Highly empathetic ITS processing
Abstract
The present disclosure provides a technical solution of highly empathetic TTS processing, which not only takes a semantic feature and a linguistic feature into consideration, but also assigns a sentence ID to each sentence in a training text to distinguish sentences in the training text. Such sentence IDs may be introduced as training features into a processing of training a machine learning model, so as to enable the machine learning model to learn a changing rule for the changing of acoustic codes of sentences with a context of sentence. A speech naturally changed in rhythm and tone may be output to make TTS more empathetic by performing TTS processing with the trained model. A highly empathetic audio book may be generated using the TTS processing provided herein, and an online system for generating a highly empathetic audio book may be established with the TTS processing as a core technology.
Claims
exact text as granted — not AI-modifiedThe invention claimed is:
1. An electronic apparatus, comprising:
a processing unit; and
a memory, coupled to the processing unit and containing instructions stored thereon, the instructions cause the electronic apparatus to perform operations upon being executed by the processing unit, the operations comprising:
extracting a text feature from each sentence in an input text, to acquire a semantic code of sentence and a linguistic feature of sentence of the each sentence in the input text;
performing searching of similarity matching in a dictionary of acoustic codes of sentences according to the semantic code of sentence of the each sentence in the input text, to acquire an acoustic code of sentence matched with the semantic code of sentence of the each sentence, wherein the dictionary of acoustic codes of sentences comprises a plurality of items consisted of semantic codes of sentence, IDs of sentence, and acoustic codes of sentence, which have mapping relationship therebetween; and
inputting the acoustic code of sentence and the linguistic feature of sentence of the each sentence in the input text into an acoustic model, to acquire a parameter of acoustic feature of sentence of the each sentence in the input text.
2. The electronic apparatus according to claim 1 , wherein the performing searching of similarity matching in a dictionary of acoustic codes of sentences according to the semantic code of sentence of the each sentence in the input text, to acquire an acoustic code of sentence matched with the semantic code of sentence of the each sentence comprises:
performing searching of similarity matching in a dictionary of acoustic codes of sentences according to the semantic code of sentence of the each sentence in the input text and the semantic code of sentence of a preset number of sentences in context of the each sentence in the input text, to acquire an acoustic code of sentence matched with the semantic code of sentence of the each sentence in the input text.

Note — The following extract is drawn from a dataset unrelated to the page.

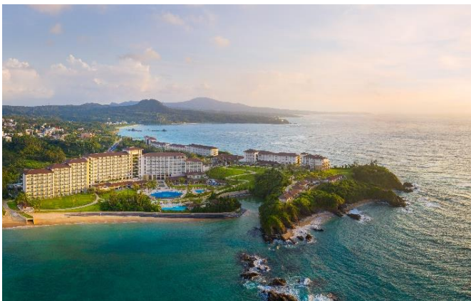
ハレクラニ沖縄(2019年7月開業)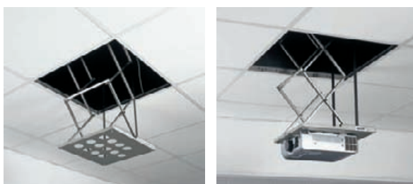
Mini Flexo S-100

3. The electronic apparatus according to claim 1 , wherein the performing searching of similarity matching in a dictionary of acoustic codes of sentences according to the semantic code of sentence of the each sentence in the input text, to acquire an acoustic code of sentence matched with the semantic code of sentence of the each sentence comprises:
determining a sentence ID corresponding to the each sentence in the input text according to position information of the each sentence in the input text, in connection with a training text template matched with the dictionary of acoustic codes of sentences; and
performing searching of similarity matching in the dictionary of acoustic codes of sentences according to the semantic code of sentence and the determined sentence ID of the each sentence in the input text, to acquire the acoustic code of sentence matched with the semantic code of sentence of the each sentence in the input text.
4. The electronic apparatus according to claim 1 , wherein the acoustic model comprises a phoneme duration model, a U/V model, an F0 model and an energy spectrum model, and the parameter of acoustic feature of sentence comprises a phoneme duration parameter, a U/V parameter, an F0 parameter, and an energy spectrum parameter, and
the inputting the acoustic code of sentence and the linguistic feature of sentence of the each sentence in the input text into an acoustic model, to acquire a parameter of acoustic feature of sentence of the each sentence in the input text comprises:
inputting the acoustic code of sentence and the linguistic feature of sentence of the each sentence in the input text into the phoneme duration model, to acquire a phoneme duration parameter of the each sentence in the input text;
inputting the phoneme duration parameter, the acoustic code of sentence, and the linguistic feature of sentence of the each sentence in the input text into the U/V model, to acquire the U/V parameter of the each sentence in the input text;
inputting the phoneme duration parameter, the U/V parameter, the acoustic code of sentence, and the linguistic feature of sentence of the each sentence in the input text into the F0 model, to acquire the F0 parameter of the each sentence in the input text; and
inputting the phoneme duration parameter, the U/V parameter, the F0 parameter, the acoustic code of sentence, and the linguistic feature of sentence of the each sentence in the input text into the energy spectrum model, to acquire the energy spectrum parameter of the each sentence in the input text.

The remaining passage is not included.